In the lawsuit filed by Blair’s attorney, Terrell Roberts, he claims to have suffered a concussion and multiple lacerations from the blows to his head, including one that required nine staples to close. After being released from police custody, Roberts wrote, Blair suffered from severe headaches, nausea and vomiting and difficulties with his short-term memory.

“Strikes to the head with a baton are prohibited by the Metropolitan Police Department’s standard operating procedures and are universally prohibited because it is considered to be the use of deadly force,” Roberts wrote.

Blair is at least the second person charged in the Capitol riot to file a lawsuit against police. In January 2022, Victoria Charity White, a Minnesota woman facing the same felony civil disorder charge Blair pleaded guilty to, sued D.C, seven officers and outgoing DC Police Chief Robert J. Contee for allegedly violating her rights under the Fourth, Fifth, Eighth and Fourteenth Amendments with baton strikes she received while inside the chaotic Lower West Terrace Tunnel on Jan. 6. The suit sought $1 million in damages. White, who is still awaiting trial, voluntarily dismissed the suit in November.

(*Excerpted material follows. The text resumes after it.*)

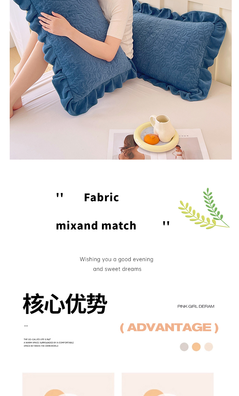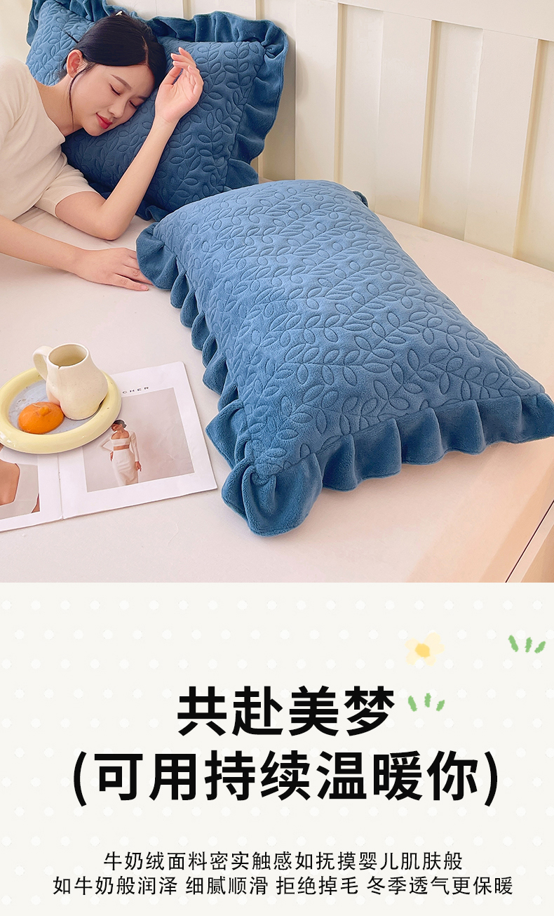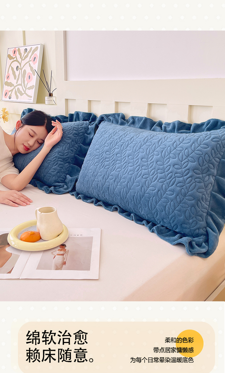 商品名称:芯宜佳 2025新款加厚牛奶绒夹棉花边短枕套 幸运草-雾兰

Roberts previously represented the husband of Ashli Babbitt, the Air Force veteran who was fatally shot while attempting to climb through a window of a barricaded door leading to the Speaker’s Lobby on Jan. 6, in a suit seeking to uncover the identity of the officer who shot her. In an interview with WUSA9 in May 2021, Roberts said Babbitt’s family planned to file a $10 million wrongful death lawsuit against the U.S. Capitol Police. To date, that lawsuit has not been filed.

Neither DC Police nor Roberts immediately responded to requests for comment Friday.